Minors’ attraction to vaping became the focus of several surveys related to the spike of illness. Just last week, the Centers for Disease Control and Prevention (CDC) released some data from its annual National Youth Tobacco Survey (NYTS), which noted that a majority of kids who tried e-cigs cited mere "curiosity" as their motivation. (Flavors themselves came in a distant third.) However, many critics slammed the NYTS for being both imprecise and incomplete: The student respondents didn't have an option to choose "wanting nicotine" as a primary reason for experimenting with e-cigarettes, and, as some harm-reduction opponents have already pointed out, e-cigarettes are not even tobacco products, since there is no tobacco in them.
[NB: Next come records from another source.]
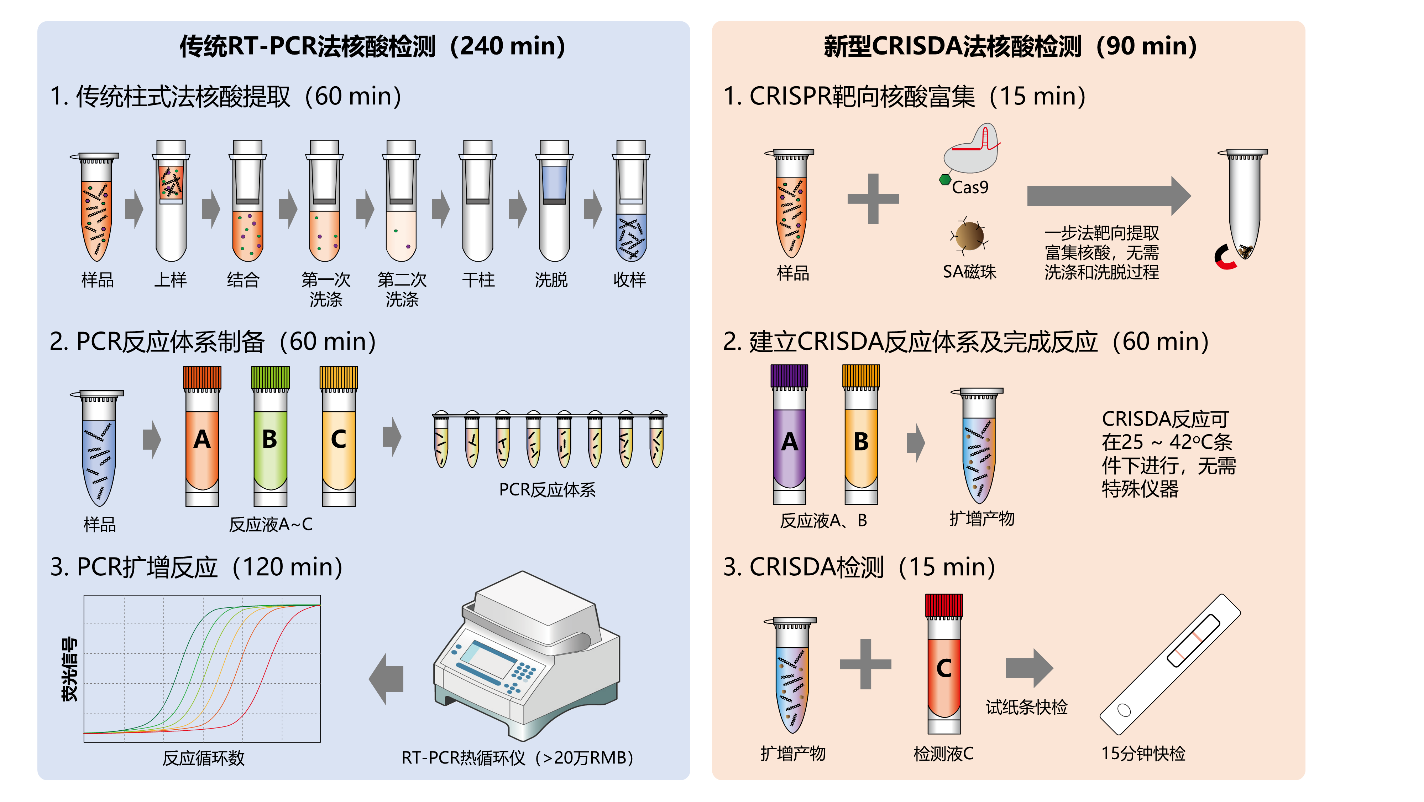 图1: 传统PCR技术与CRISDA检测技术对比。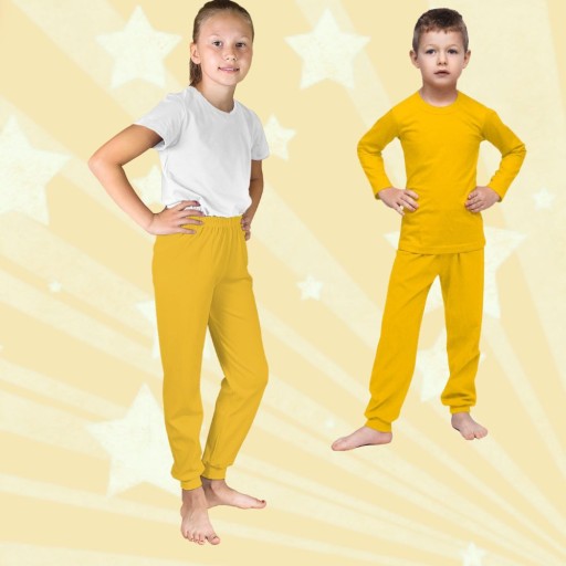 SPODNIE DRESOWE DZIECIĘCE 128 BAWEŁNIANE GŁADKIE ŻÓŁTE CHŁOPIĘCE DZIEWCZĘCE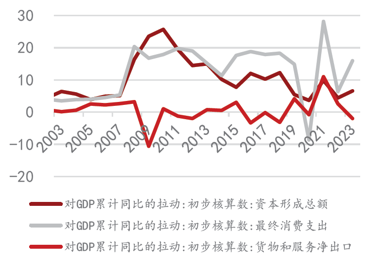 图表:截至2023年我国投资、消费、净出口对GDP增长的拉动
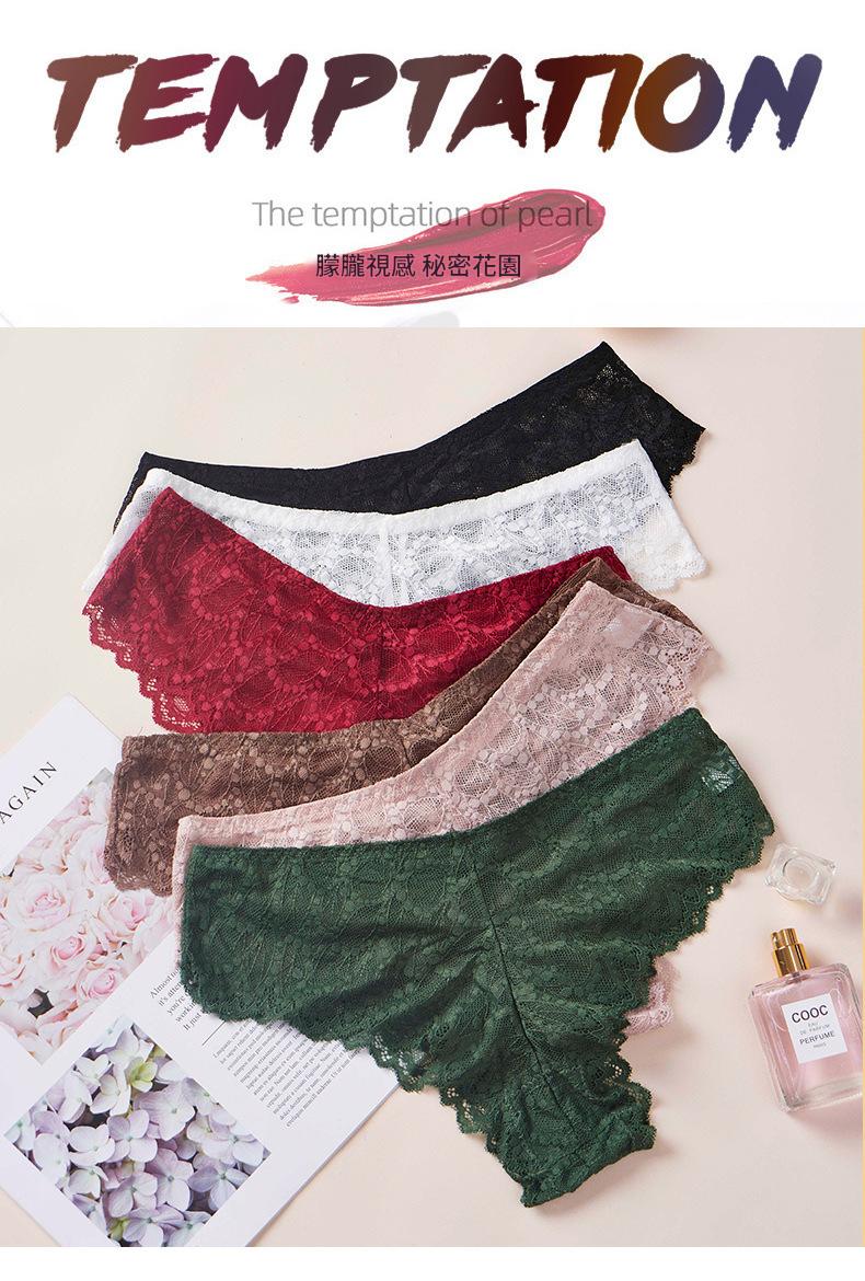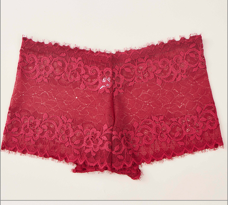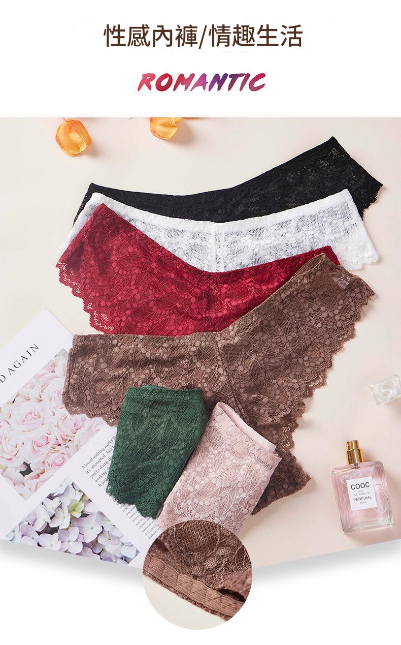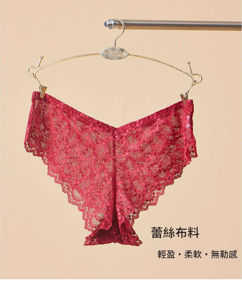 LCBN251225100205 歐美輕薄網紗透視誘惑火辣蕾絲鏤空內褲女士低腰棉檔平角褲款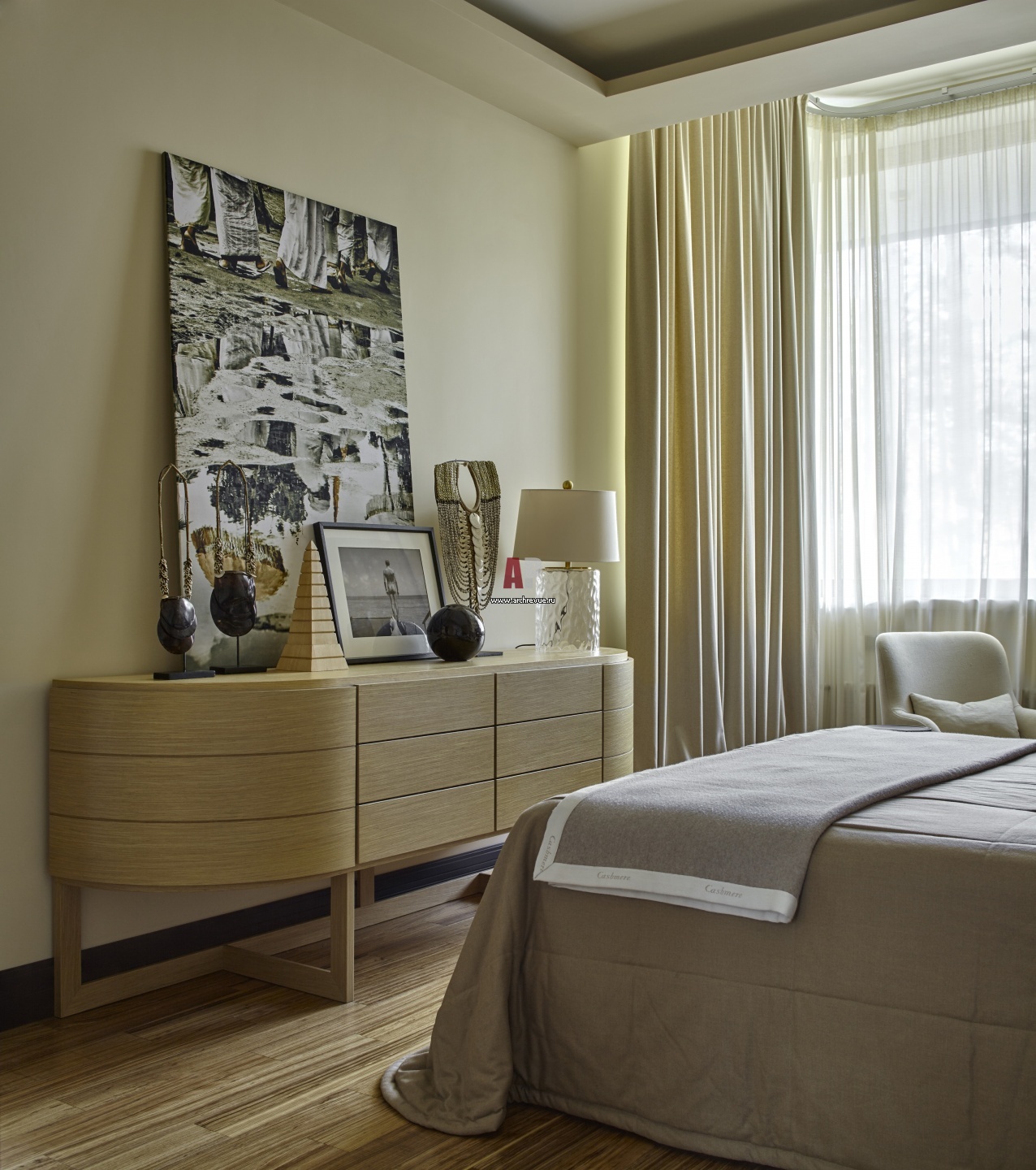 Фото интерьера спальни в теплых медовых тонах. Комод, Porada. Шторы с четкими вертикальными складками поддерживают заданный в гостиной ритм.

The vaping crisis has divided public opinion on the matter into two distinct camps: those who recognize that the rapid increase in teenage vaping is a serious problem that must be dealt with but also see cigarettes as a harm-reduction tool to help smokers ditch cigarettes; and those who believe that this problem can be eradicated through prohibition tactics, like adopting flavor bans that many states and large cities have already done. Last week, President Donald Trump proposed raising the minimum age for the sale of e-cigarette products to 21 due to the rise in vaping-related deaths and illnesses. Trump defended his decision to propose an age limit on vaping products rather than an outright ban by saying e-cigarettes would become illegally available if he outlawed them.

As of October, the US Centres for Disease Control and Prevention (CDC) had reported 34 deaths and more than 1,600 cases of lung injuries related to vaping.